Authors: Kathleen Knowles
Kerry was grateful the Grants went to their bedroom soon after supper was over. Beth came to keep her company as she tidied up the kitchen.
“Is this what you want?” Kerry asked tentatively.
Beth looked into the distance and waited for a long time before answering. “Of course it is. It’s a great honor to be asked, I can tell you. The army now admits it needs us. They’re only sending the best civilians overseas. Nurse Reynolds had the pick of whom to take, and she chose me over more experienced nurses. She had to convince Major Owen that I was suitable. It will be much more difficult there.” She went on at length about the challenges ahead. Kerry listened without comment and cleaned dishes.
Beth at last stopped talking and cleared her throat. “Are you happy for me?”
“I want to be. I want you to have what you want. I’m proud that Nurse Reynolds believes in you.”
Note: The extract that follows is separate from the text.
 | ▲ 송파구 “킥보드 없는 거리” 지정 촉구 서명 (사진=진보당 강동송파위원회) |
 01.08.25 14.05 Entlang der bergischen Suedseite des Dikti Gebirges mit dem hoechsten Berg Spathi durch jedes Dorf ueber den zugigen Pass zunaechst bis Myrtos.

“There’s something else, though.”
“No, there’s not.”
“You’re unhappy,” Beth stated flatly. “You don’t wish me to go.”’
“It’s not that simple.”
“Explain it to me, then. Tell me what you’re feeling. It’s a worry to me when I can tell you’re unhappy but you won’t explain to me, just as you won’t speak of your childhood.”
I’m in love with you and you don’t know it and I can’t tell you. I don’t know how to tell you. I would like to show you but…
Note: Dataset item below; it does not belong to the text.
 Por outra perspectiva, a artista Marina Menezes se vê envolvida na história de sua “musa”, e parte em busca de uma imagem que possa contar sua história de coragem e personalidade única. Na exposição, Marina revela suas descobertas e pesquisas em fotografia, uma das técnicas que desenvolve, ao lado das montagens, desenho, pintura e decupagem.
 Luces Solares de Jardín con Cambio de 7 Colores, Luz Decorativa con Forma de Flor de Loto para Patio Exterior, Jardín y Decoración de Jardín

“I worry for your safety and I’ll miss you very much, that’s all.”
“Is that all? Kerry, look at me, please.”
Beth came up behind Kerry, who stood at the sink. Kerry slowly turned around and looked into her eyes. Beth’s expression was concerned and tender, but still Kerry couldn’t say what she wished to say:
I’m in love with you.
Beth touched her cheek, and Kerry gazed at her longingly and covered Beth’s hand with her own hand.
The
Golden Gate
’s
voyage to Manila took three weeks. The medical staff’s time was filled down to the second by Major Owen. He also took charge of their religious devotions in a fashion he wasn’t able to when they were back at the Presidio. They all lived together on board, they had morning and evening prayers, and no one was granted leave to not attend, not even the several staff members who were seasick the first week. The prayer services were thus enlivened by doctors and nurses stumbling out of the salon to vomit over the guardrails of the ship, much to the amusement of the ship’s seasoned navy crew.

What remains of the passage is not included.